Global minima/maxima: A point in the curve that is minimum/maximum when compared to all points in the curve. There will be only one global minima/maxima.
Hyperparameter: In ML/DL, a learning model is represented by the parameters. Hyperparameters are defined as the parameters that are explicitly defined by the users to control the learning process and determine the values of the model parameters that the learning algorithm will use to learn the mapping between the independent and dependent features. The value of the hyperparameters is set before model training and therefore remains unchanged during the training process. A cluster centroid in clustering is the model parameter and k in kNN is the hyperparameter.

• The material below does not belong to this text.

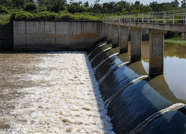 This photo taken on Feb. 20, 2025 shows the water intake structure of the Lower Nzoia Irrigation Development Project in Siaya County, Kenya. (Xinhua/Li Yahui)

Model tuning: The process of maximizing the model’s performance without overfitting or high variance which is generally accomplished by selecting appropriate hyperparameters. Get the best hyperparameters by evaluating the model for each hyperparameter setting and selecting the hyperparameter that gives the best model. Grid search, random search, Bayesian optimization, and Hyperopt are the most widely used methods for the selection of appropriate hyperparameters.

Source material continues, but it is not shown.